The project can be implemented in any language of your choice, but we strongly
recommend using Caml, as the sources we provide are written in Caml.
Any version ≥ 3.0 should do, but in doubt
install version 3.09.3 from http://caml.inria.fr/ocaml/release.en.html
or from the packages available in your Linux distribution.
The Menhir parser generator
Available at
http://gallium.inria.fr/~fpottier/menhir/. This tool
is required in order to produce parser.mli and parser.ml
out of parser.mly. (For those who don't want to install Menhir,
we do provide parser.mli and parser.ml, but you will
need to modify the Makefile in order to let make know
that these files are not generated and should not be destroyed.)
Linux, FreeBSD, MacOSX, or some other Unix-like system
The Makefile that we distribute has not been tested under Microsoft Windows. You
are on your own if you insist on using Windows.
In the src/ directory, you will find the following files:
abstractSyntax.mli
Defines the abstract syntax for the
language.
type.{ml, mli}
A small number of utility functions over the abstract syntax
of types.
parser.mly, lexer.mll, error.{ml, mli}
Parsing and error reporting. Together, the lexer and parser
define the concrete syntax for the language.
stringMap.{ml, mli}
Maps whose keys are strings. Useful for implementing various
kinds of environments.
option.{ml, mli}
Various utility functions for values of type 'a option.
print.{ml, mli}
Various utility functions for pretty-printing.
wf.{ml, mli}
Check that a program is well-formed (no unbound variables, etc.).
unionFind.{ml, mli}
Implements Tarjan's data structure for the union-find problem.
This module underlies our implementation of first-order unification.
unification.{ml, mli}
Implements first-order unification. This module defines the syntax
of unification problems, which the constraint generator must produce.
generator.{ml, mli}
Specifies the constraint generator. The implementation is missing;
to be completed in task 3.
interpreter.{ml, mli}
The skeleton of the interpreter. To be completed in task 1.
machine.{ml, mli}
Definition of the abstract machine: instruction set and execution
engine for abstract machine code.
compiler.{ml, mli}
The skeleton of the compiler. To be completed in task 2.
settings.{ml, mli}
Parses the command line.
front.{ml, mli}
The top-level file of the program. Calls and combines the parser,
the type-checker, the interpreter, the compiler and the execution
engine of the abstract machine.
Implement an interpreter for the source
language. The file to modify is interpreter.ml.
Task 2
Implement a compiler from the source language to
the abstract machine. The file to modify is compiler.ml.
Task 3
Study the specification that the constraint generator must meet,
which is found in generator.mli, and implement the generator. The
file to modify is generator.ml.
At the moment, the generator is incomplete and always produces an empty
unification problem, which means that the inferred type is always
“∀α.α”. It is up to you to construct a unification problem
that is necessary and sufficient for the code to be well-typed.

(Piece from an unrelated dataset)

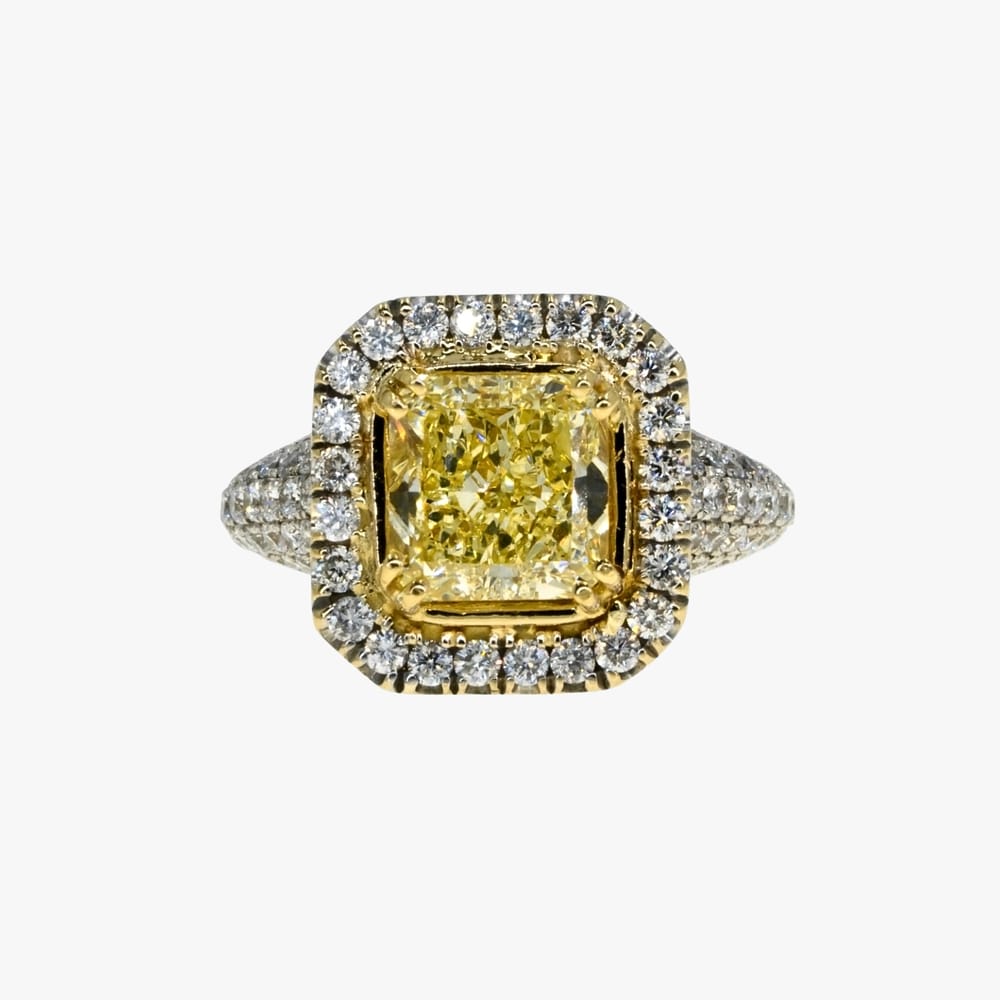This exquisite engagement ring features a radiant 2.50 carat center fancy yellow diamond, beautifully set in luxurious 18KT white gold with 1.50ctw halo of brilliant round cut diamonds, creating a stunning contrast and timeless elegance.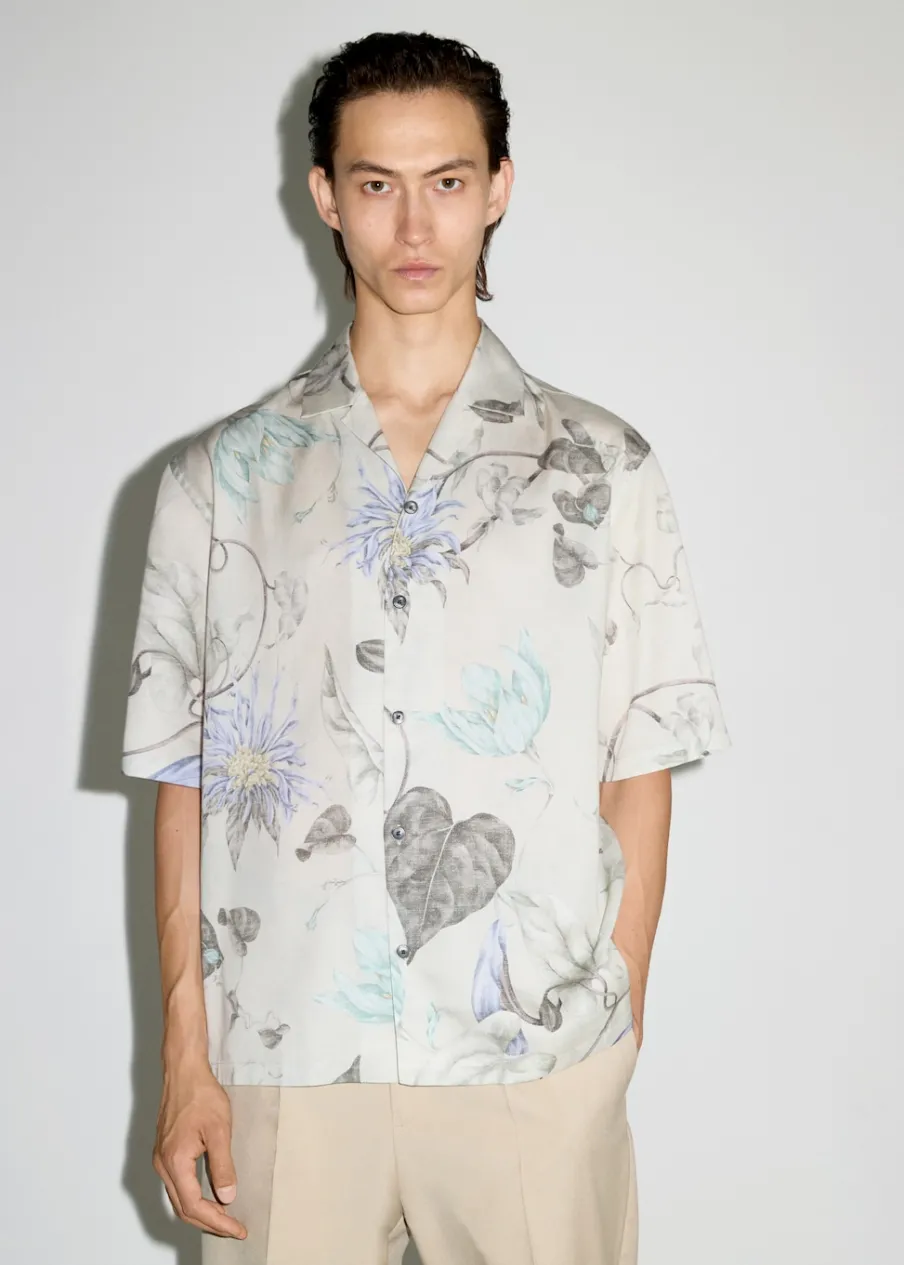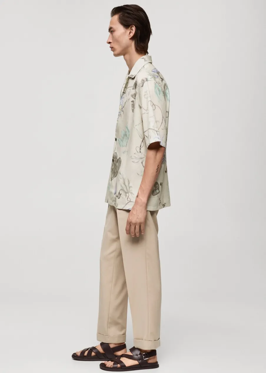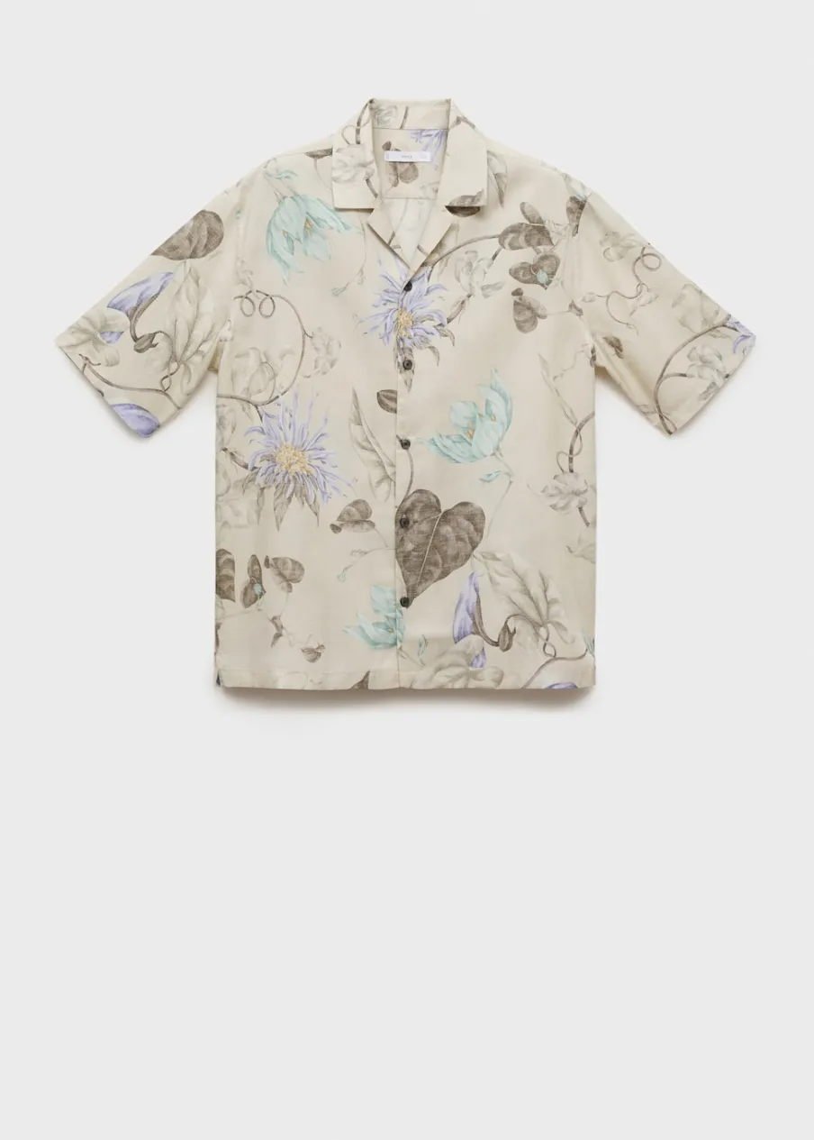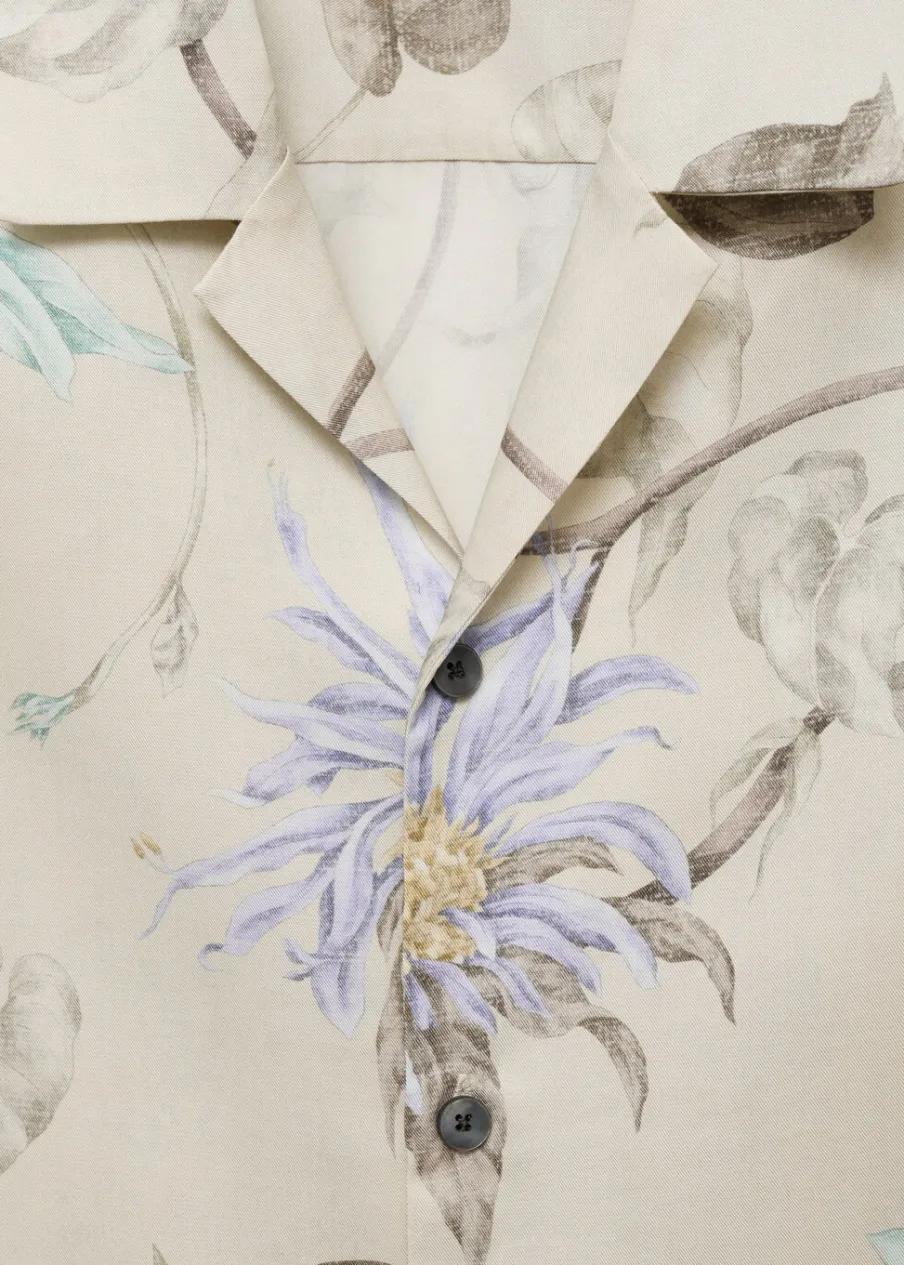 Krój regular. Tkanina z 100% tencelu. Lejąca tkanina. Tropikalny wzór. Kołnierzyk typu bowling. Zapięcie z przodu na guziki. Krótki rękaw. Prosty dół. Model ma 187 cm wzrostu i nosi rozmiar M.

Note that, for simplicity, we only implement simple (that is,
monomorphic) type inference: no generalization will be performed at
let constructs. Only the data constructors can have (closed)
polymorphic type schemes, which are given by the dcenv parameter.
In order to better understand the entire type inference process, it is
recommended, although not strictly necessary, to have a look at the modules
UnionFind and Unification, which perform constraint solving.
For extra credit
Extend the program in any direction
you're interested in: additional language features, polymorphic type
inference, understandable type error messages, compiler optimizations, ...
Additional test files written in the small programming language,
if you wrote any.
If you implemented “extra credit” features, a README
file (written in French or English) describing these additional
features, how you implemented them, and where we should look in the
source code to see how they are implemented.